Exercise Joint Warrior is a major biannual multi-national military exercise which takes place in the United Kingdom, predominately in north west Scotland. It is the successor of the Neptune Warrior exercises and Joint Maritime Course. 2024 saw it replaced by Strike Warrior 24.

Joint Warrior is organised by the British Ministry of Defence and is Europe's largest military exercise and can involve up to 13,000 military personnel, from all three British Armed Forces, NATO and other allied countries. Up to 50 naval vessels, 75 aircraft and numerous ground-based units participate in a typical exercise. Operations include airborne assaults, amphibious landings and training in counter-insurgency, counter-piracy and interstate war. Live-fire exercises take place on various weapons ranges. Joint Warrior exercises take place in the spring and autumn and have a duration of two weeks.

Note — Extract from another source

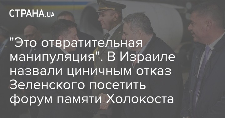 Представители мемориального комплекса "Яд Вашем" назвали поступок президента Украины Владимира Зеленского, который отказался от участия в Всемирном форуме памяти Холокоста, "отвратительной манипуляцией", а его поведение "циничным и сбивающим с толку". В свою очередь Зеленский объяснил свои действия тем, что на форуме не хватило мест для всех желающих и он передал свое тем, кто пережил трагедию.
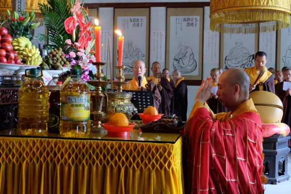 沐佛结束之后,两序大众善男信女,在大雄宝殿举行上供法会。并愿以此功德回向一切众生,止恶向善,福慧增长。世界和平,正法久住,人民安乐。现场秩序井然,气氛庄重。最后回向:“愿消三障诸烦恼,愿得智慧真明了,普愿罪障悉消除,世世常行菩萨道”。

The exercise aims to provide a multi-threat training environment where participants take part in collective training in preparation for deployment as a Combined Joint Task Force. Joint Warrior also provides a package of training to each participating unit which concentrates on its specialist role, but set within a larger war scenario.

== Background ==
The Joint Maritime Course (JMC) series of exercises started after the Second World War in order to improve co-operation between the Royal Navy and Royal Air Force in anti-submarine warfare. More recently, JMC exercises took place three times a year, in spring, summer and winter. In 2006 the exercise was re-branded as Neptune Warrior and in 2007 was reduced to two events per year. In 2008 the Joint Warrior name was introduced to reflect the increasing involvement of all three military branches. Each exercise is identified by the last two digits of the year it takes place and a number 1 or 2 depending on whether it is the first or second exercise of the year. For example, JMC 98/1 was the first Joint Maritime Course of 1998 and JW 15/2 was the second Joint Warrior exercise of 2015.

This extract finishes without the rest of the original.